Professor Michael Jordan of MIT's Department of Brain and 
Cognitive Science spoke on "Adaptive Networks for Motor 
Control and Robotics."  There has been much progress in this 
field over the last five years, but neural nets do not 
represent a revolutionary breakthrough.  The "Inverse 
Problem" in control theory is classical:  find the control 
sequence which will drive the system from the current state 
to the goal state.  It is well known from Cybernetics that 
the controller must compute (directly or recursively) an 
inverse model of the forward system.  This is equivalent to 
the problem of diagnosing cause from effect.  The classical 
solution is to build a  model of the forward system and let 
the controller learn the inverse through unsupervised 
learning (playing with the model).  The learning proceeds 
incrementally, corresponding to backpropagation or gradient 
descent based on the transposed Jacobian (first derivative).  
This is essentially how humans learn to fly and drive using 
simulators.

Danny Hillis, Founding Scientist of Thinking Machines 
Corporation, captured the audience with a spellbinding talk 
on "Intelligence as an Emergent Phenomenon."  Danny began 
with a survey of computational problems well-suited to 
massively parallel architectures--matrix algebra and parallel 
search.  He uses the biological metaphor of evolution as his 
model for massively parallel computation and search.  Since 
the evolution of intelligence is not studied as much as the 
engineering approach (divide and conquer) or the biological 
approach (reverse engineer nature's best ideas), Danny chose 
to apply his connection machine to the exploration of 
evolutionary processes.  He invented a mathematical organism 
(called a "ramp") which seeks to evolve and perfect itself.  
A population cloud of these ramps inhabits his connection 
machine, mutating, evolving, and competing for survival of 
the fittest.  Danny's color videos show the evolution of the 
species under different circumstances.  He found that the 
steady state did not generally lead to a 100 percent 
population of perfect ramps.  Rather 2 or more immiscible 
populations of suboptimal ramps formed pockets with seething 
boundaries.  He then introduced a species of parasites which 
attacked ramps at their weakest points, so that stable 
populations would eventually succumb to a destructive 
epidemic.  The parasites did not clear the way for the 
emergence of perfect and immune ramps.  Rather, the 
populations cycled through a roiling rise and fall of 
suboptimal ramps, still sequestered into camps of Gog and 
Magog.  The eerie resemblance to modern geopolitics and 
classical mythology was palpable and profound.

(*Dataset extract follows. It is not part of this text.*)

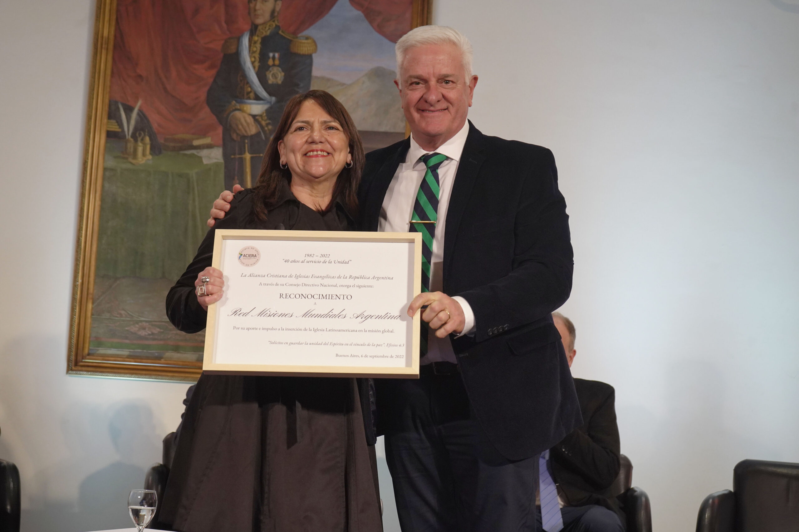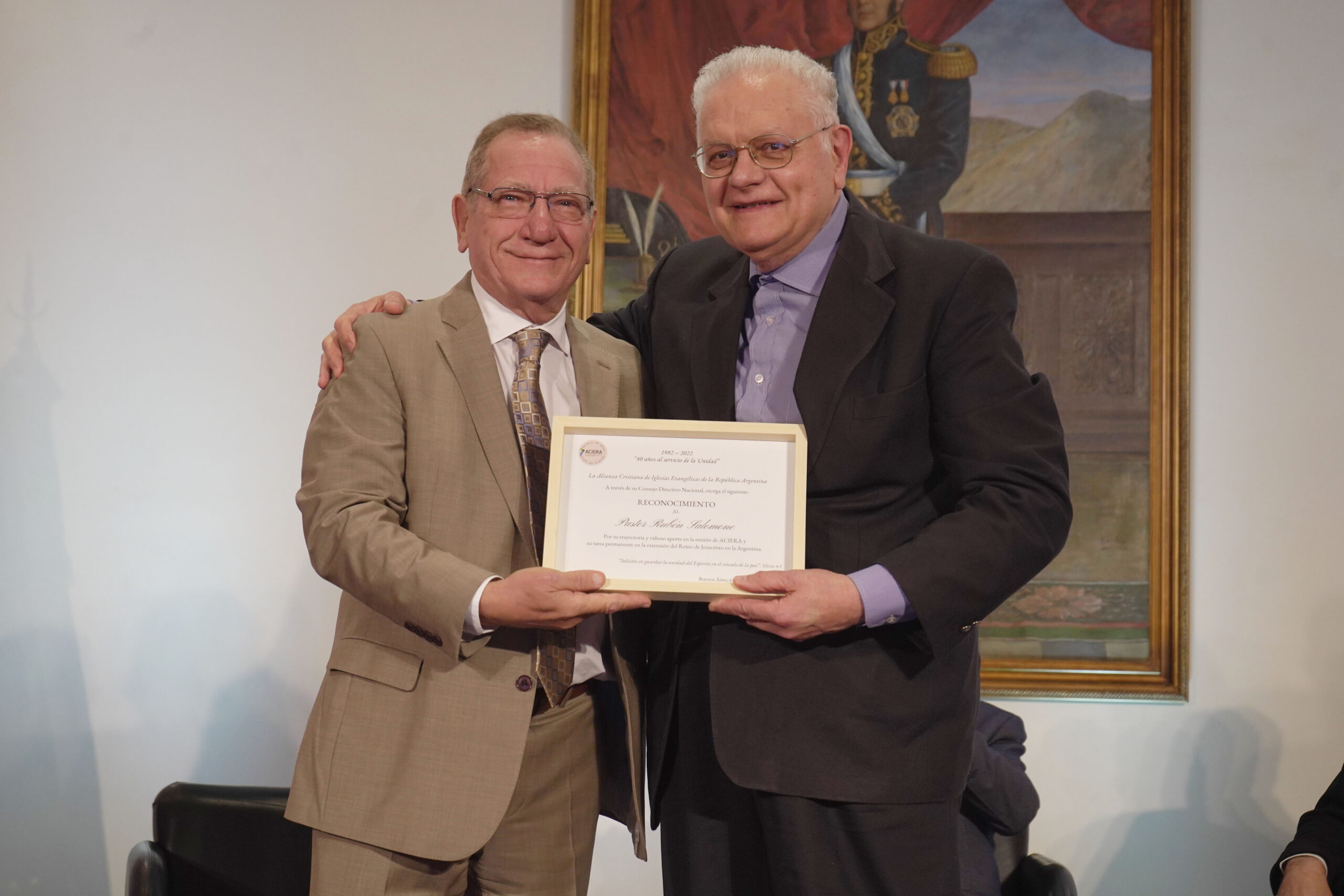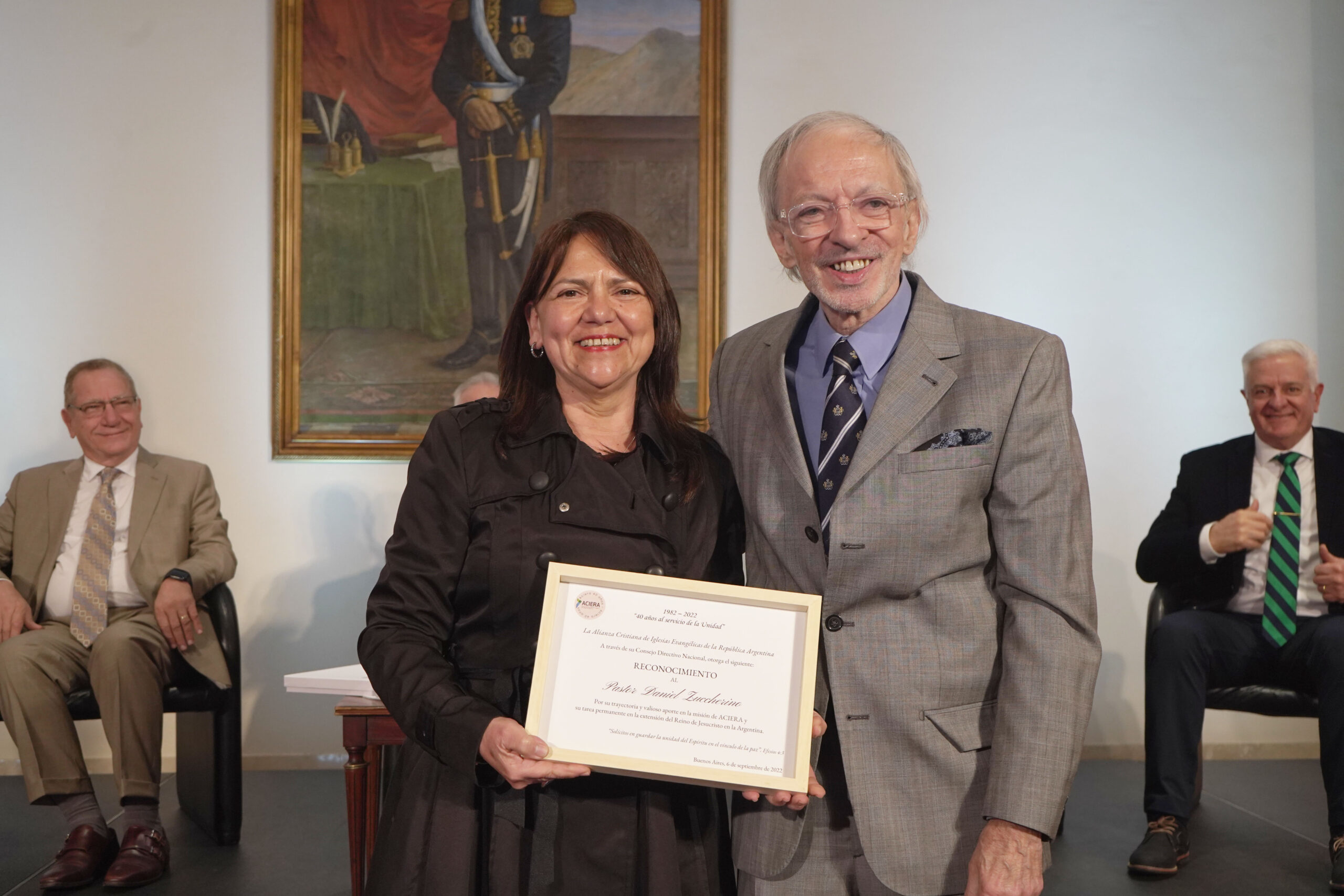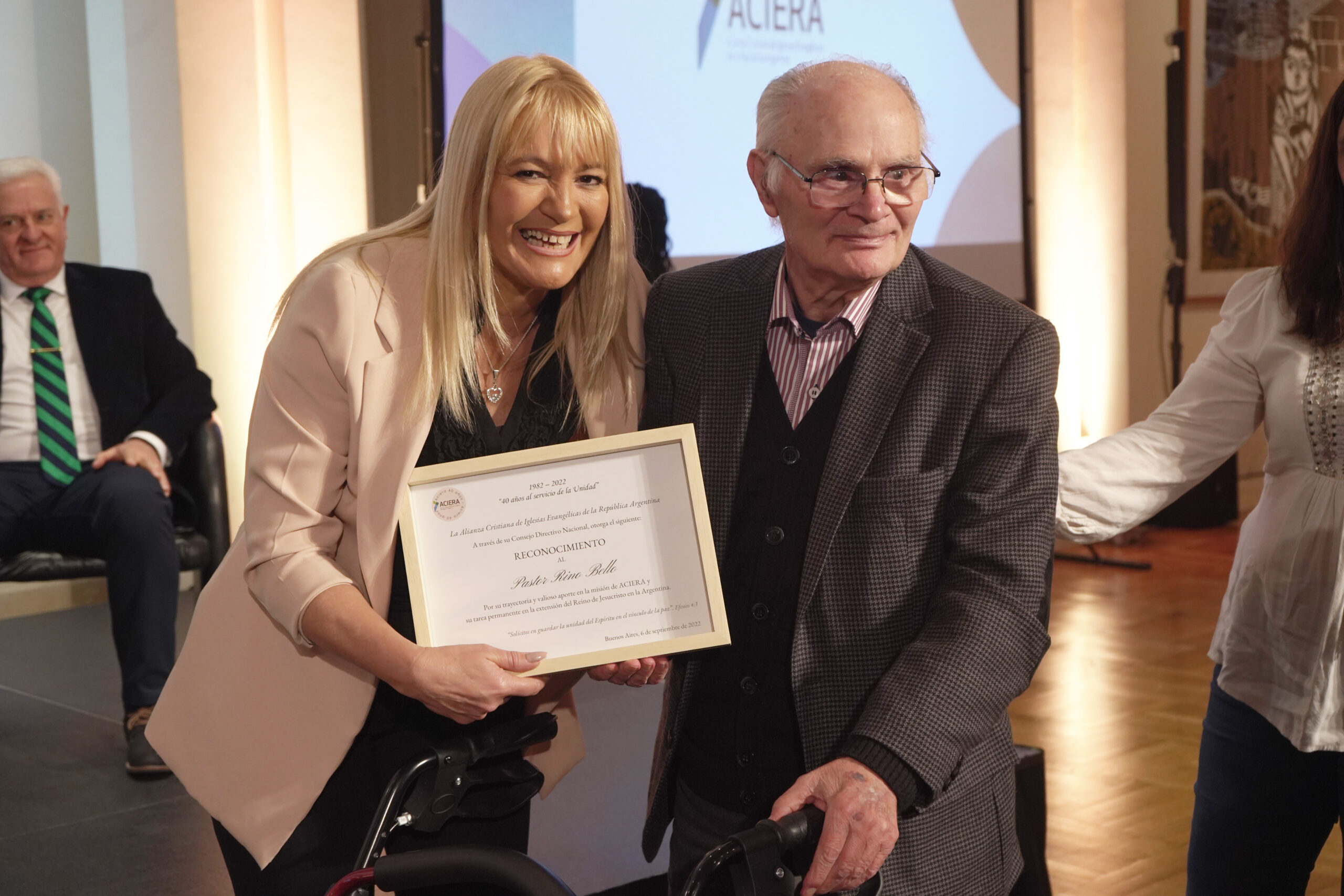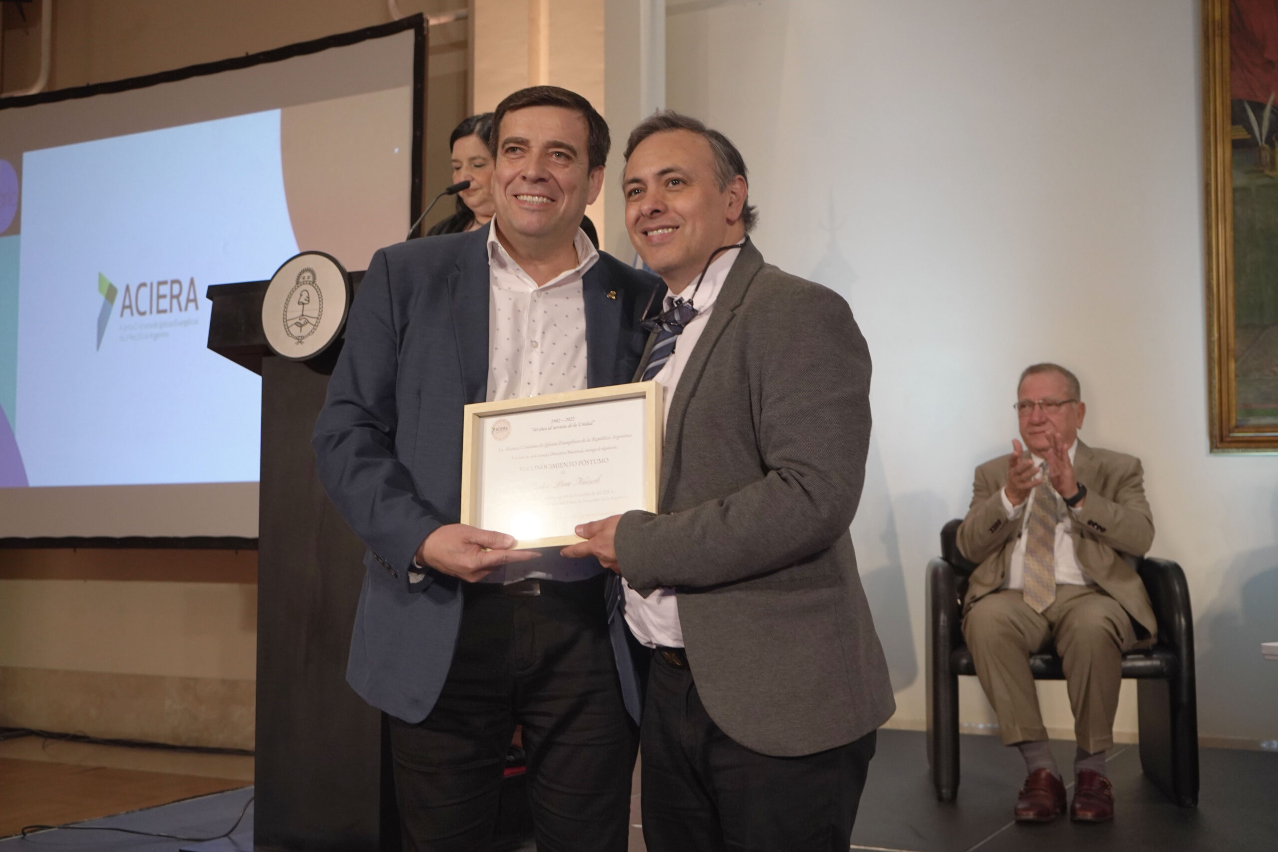 Por supuesto hubo un reconocimiento póstumo a Rubén Proietti, quien fuera presidente de ACIERA por más de 17 años. El aplauso fue contundente por el servicio que Proietti brindó a Dios y a la Iglesia. La placa fue entregada por el pastor Christian Hooft, presidente actual de ACIERA, y recibida por su esposa Adriana Fasanelli y su hijo menor, Jonatan.

Professor John Wyatt of the MIT Department of Electrical 
Engineering and Computer Science closed the first day's 
program with a talk on "Analog VLSI Hardware for Early 
Vision:  Parallel Distributed Computation without Learning."  
Professor Wyatt's students are building analog devices that 
can be stimulated by focusing a scene image onto the surface 
of a chip.  His devices for image processing use low 
precision (about 8 bits) analog processing based on the 
inherent bulk properties of silicon.  His goal is to produce 
chips costing $4.95.  One such chip can find the fixed point 
when the scene is zoomed.  (Say you are approaching the back 
of a slow moving truck.  As the back of the truck looms 
larger in your field of view, the fixed point in the scene 
corresponds to the point of impact if you fail to slow down.)  
Identification of the coordinates of the fixed point and the 
estimated time to impact are the output of this chip.  
Charged-coupled devices and other technologies are being 
transformed into such image processing devices as stereo 
depth estimation, image smoothing and segmentation, and 
motion vision.

The second day of the symposium focused on the Japanese, 
European, and American perspectives for the development and 
application of neural nets.

Professor Shun-ichi Amari of the Department of Mathematical 
Engineering and Information Physics at the University of 
Tokyo explored the mathematical theory of neural nets.  
Whereas conventional computers operate on symbols using 
programmed sequential logic, neural nets correspond more to 
intuitive styles of information processing--pattern 
recognition, dynamic parallel processing, and learning.  
Professor Amari explored neural network operation in terms of 
mathematical mapping theory and fixed points.  Here, the 
fixed points represent the set of weights corresponding to 
the stable state after extensive training.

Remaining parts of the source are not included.